- Born: 29 January 1977 (age 49) London, England
- Occupations: Look-alike; comedian; singer; actress;
- Years active: 2000–present
- Website: Official website

= Suzie Kennedy =

English actress

Suzie Kennedy (born 29 January 1977) is an English comedian, singer and actress who holds both British and American citizenship. She is best known for her work as a Marilyn Monroe lookalike and impersonator.

==Career==
Kennedy has impersonated Monroe in several television commercials for Pepsi, Citroën, Guinness, Iberia Airlines, and others. She also played Monroe in the 2003 Revealed episode "Who Killed Marilyn Monroe?" and Monroe's 2014 episode of Autopsy, as well as films such as Me and Marilyn (2009), JFK: Seven Days That Made a President (2013), The Theory of Everything (2014), Blade Runner 2049 (2017), and Maria (2024).

She has appeared as herself on television series such as The Alan Titchmarsh Show, The Weakest Link, Come Dine with Me, Party Wars, Pet Nation, and The Chase.

In 2020, she played Cheri in a revival of the play Women Behind Bars at the Montalbán Theatre in Los Angeles. In that same year, she appeared impersonating Marilyn Monroe on Britain's Got Talent, singing "I Wanna Be Loved by You", a song sung by Marilyn in Some Like It Hot (1959).
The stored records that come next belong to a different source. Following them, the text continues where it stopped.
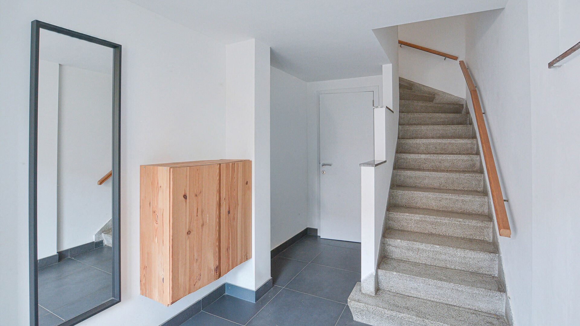 Le rez-de-chaussée se compose d’un hall d’entrée avec vestiaire, d’un WC séparé, d’une buanderie ainsi que d’un grand garage équipé d’une porte automatique.
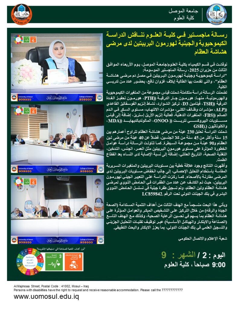 “Evaluation Biochemical and Molecular of Parkinson’s Disease patients in Mosul City”، للطالبة منار خضر أحمد علي من فرع علم الحيوان، بحضور رئيس القسم وعدد من تدريسيي الكلية.
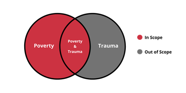 As we know that not everyone who experiences poverty will also experience trauma, we will fund work which either:
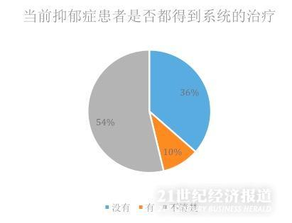 我们调查显示,抑郁症患者得到系统治疗的只占总人数的10%左右。大部分的抑郁症患者都没有得到系统的治疗。这表明国内对抑郁症的治疗现状并不理想。分析可能的原因发现,70%-80%的人报告自己不清楚有没有(或者没有)可以进行心理治疗的机构和个人。
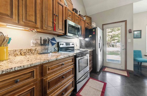 Holder Hideaway's downstairs offers a living room, kitchen with long bar, dining area, master bedroom and a full bath with spa tub. Washer and dryer are also located on the first floor. Venture upstairs to an open loft with TV and game table. Also upstairs are two more bedrooms, one having a Queen and Bunk Beds, and a full bath with spa tub.
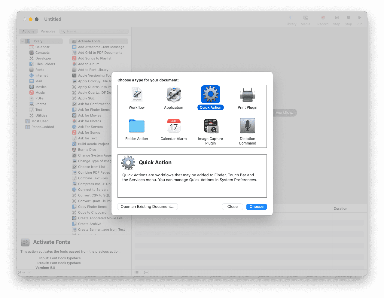 Here is how the Quick Action looks. I've changed the "Workflow receives" to "no input" and "in" to "Xcode".

In 2021, she impersonated Marilyn Monroe again in a commercial for Appenzeller Käse a cheese brand from Switzerland.

==Personal life==
Kennedy is a Christian.
In May 2022, after Kim Kardashian wore Marilyn Monroe's iconic silk gown at the 2022 Met Gala in New York City (the dress that was worn by Monroe at Madison Square Garden on May 19, 1962, when she sang "Happy Birthday, Mr. President" to John F. Kennedy), Kennedy criticised Kardashian's behaviour and stated in an interview with Sky News Australia: "Marilyn Monroe had a moment in history and Kim Kardashian has clung on to that…she’s not an actress, she’s a reality star and I think it’s a very sad day for that dress – it’s tarnished now...Kim could have made her moment but instead she had to steal it from Marilyn – that’s sad."